Friday, June 7, 2013
One of my summer goals is to read at least eight books by August 31. Experience has taught me that reading does my brain and body good (ie, reading in bed at night puts me in the deepest sleep), so I'm up for this.

My first reads of the summer were these two: The Five Love Languages of Children & Rump: the True Story of Rumpelstiltskin.
The love language concept gives five, concrete ways to effectively communicate love in your relationships (this website gives the full run-down on it), and this short read teaches parents how to best communicate love to their children.

I majored in Marriage, Family, and Human Development at BYU (the major is now called "Family Life") so mothering aside, knowing "love languages" and how to speak them is right up my alley. AKA, understanding human behavior and how to improve it is something that thrills me.

While the book, of course, explains the five languages, my favorite part about it was learning where communicating love fits in the parent-child relationship, like in the contexts of how a child learns and disciplining...
One of the truest wishes of my heart as a mother is to discipline positively and effectively, and this read taught me at least two things to do to make that happen: 1) know how my children receive love, and then 2) be sure not to discipline them in their "language."

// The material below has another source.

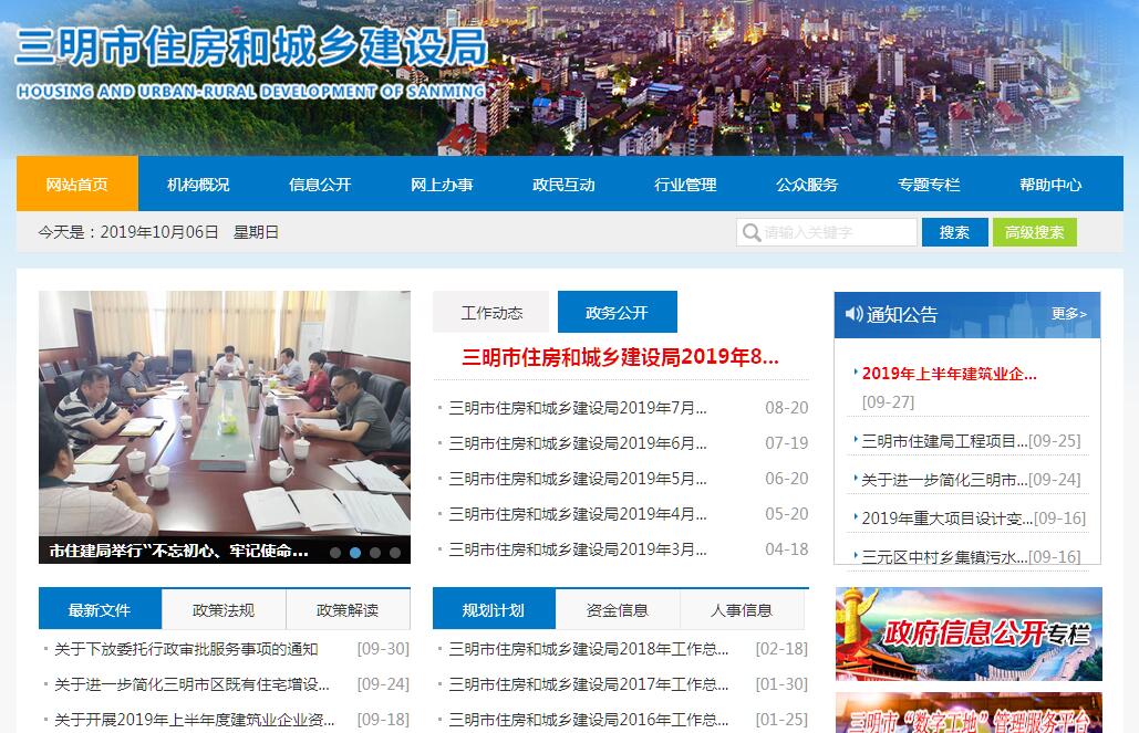 三明市住房和城乡建设局主要职责:(一)贯彻执行国家和省有关住房和城乡建设的法律、法规、规章和政策,承担规范全市住房和城乡建设管理秩序的责任。拟订住房和城乡建设相关政策并组织实施;指导全市并负责市级住房和城乡建设行政执法、执法监督和稽查工作;对城市管理综合执法中涉及住房和城乡建设方面的业务进行指导。(二)承担保障全市城镇低收入家庭住房的责任。拟订全市住房保障相关政策并组织实施;拟订全市城镇住房保障发展规划和年度计划并组织实施;拟订全市保障性住房规划及政策,会同有关部门做好中央和本省、市有关保障性住房资金安排,指导和监督县(市、区)组织实施。(三)承担推进全市住房制度改革的责任。拟订全市住房政策;指导全市住房建设和住房制度改革;拟订全市住房建设规划并组织实施。(四)承担规范房地产市场秩序、监督管理房地产市场的责任。拟订全市房地产市场监管政策并组织执行,指导城镇土地使用权有偿转让和开发利用工作;拟订房地产业的行业发展规划和产业政策,房地产开发与交易、房屋权属管理、房屋租赁、房屋面积管理、房地产估价与经纪管理、物业管理、国有土地上房屋征收与补偿的规章制度并组织实施,会同有关部门管理和发布全市房地产开发、交易信息。(五)拟订全市城乡市政公用事业的发展规划和政策并组织实施。负责城市市政公用设施建设、维护、安全和应急管理;负责城市道路、桥梁、路灯、供水、节水、排水、污水处理、燃气、市容环卫、城市建设档案等行业管理工作;管理城市管线工程建设。研究拟订全市风景名胜区、城市园林绿化政策并组织实施。负责省级以上风景名胜区的审核报批和监督管理;指导历史文化名镇(村)保护和监督管理工作;指导和管理全市城市规划区内的园林绿化工作。(六)承担规范和指导全市村镇建设的责任。拟订村庄和小城镇建设政策并指导实施;指导农村住房建设和住房安全防范工作;指导小城镇和村庄人居生态环境的改善工作。(七)承担规范全市工程建设标准体系的责任。组织实施工程建设地方标准和工程建设统一定额;拟订建设项目可行性研究评价方法、经济参数、建设标准和工程造价的管理制度并监督执行;组织实施公共服务设施(不含通信设施)建设标准;指导和监督工程建设标准及定额的实施和工程造价计价,组织发布工程造价信息。(八)承担监督管理全市建筑市场、规范市场各方主体行为责任。指导和管理全市建筑活动;指导和监督全市房屋建筑和市政基础设施工程招标投标活动;组织实施工程建设、建筑业、勘察设计的行业中长期发展规划、改革方案、产业政策、规章制度;组织实施规范建筑市场各方主体行为的规章制度。(九)承担全市建筑工程和市政公用设施建设质量安全监管责任。组织实施建筑工程质量、建设监理、建筑安全生产和竣工验收备案的政策、规章制度;组织或参与工程质量、安全事故的调查处理;拟订建筑业、勘察设计咨询业的技术政策并组织实施;指导和管理房屋建筑和市政公用设施工程的抗震设防;指导和管理城市地下空间的工程建设。指导全市并负责市级工程质量安全监督管理工作。(十)依照法律法规和政策规定,负责建设行政相关项目的审核、审批和管理工作。(十一)拟订全市住房和城乡建设科技发展规划,并组织实施;组织住房和城乡建设科技项目攻关和科技成果推广,指导实用技术引进和创新工作。(十二)承担推进全市建筑节能、城镇减排的责任。会同有关部门拟订建筑节能的政策、规划并监督实施;组织实施重大建筑节能项目,推进城镇生活减排。(十三)开展住房和城乡建设方面的对外交流与合作,组织协调本市建筑企业参与省外、港澳台、国际工程承包和建筑劳务合作。(十四)承办市委、市政府交办的其他事项。

So if Olivia turns out to be a quality-time girl, then giving her an isolated, totally-removed-from-all-people time-out would be ineffective. She'll only feel punished that way, not disciplined (the book explains the difference between those two in a brilliant way). She'll feel unloved rather than treasured, and that'll just empty her "emotional love tank" further (cheesy phrase, true concept, also explained in the book).

Knowledge is empowering, especially in relationships, and this book teaches some gems that makes family bonds better. I highly recommend it to all

Backtracking to the why's of human behavior, Rump claims that a person's ultimate destiny is totally determined by their name...
So this book is all about why Rumpelstiltskin was named so and what it did (or did not do) for him. A quick read and a typically untold side of a classic fairytale, I really liked this book.

The whole name theme got me thinking as I finished it...what if your name really is indicative of your life's purpose?

I thought of the meaning of mine, Ryan, and Olivia's names, and if the theory is true then...

Ryan ("Little King") will one day be short and win a tennis tournament - the official king of the court.

I'm a tsunami in-the-making, a future doer of serious damage (Jeni --> Jennifer --> "White Wave").

Olivia is a bit o' peace (Olivia --> Olive --> "Peace"). That one I can see, although that girl and her lungs can be loud and anything but peaceful.


Jokes aside, I think there could be some clout to that thought - that your name has an influence on who you are. Rump got me thinking about that big idea and one other, which is what I loved about the book most of all...books are wonders at bringing thinking to a real, genuine level.

Two good reads down, cheers to the six ahead! 


  1. I really have been want to read the Love Languages for Children, but have had the hardest time finding it. Where did you buy it?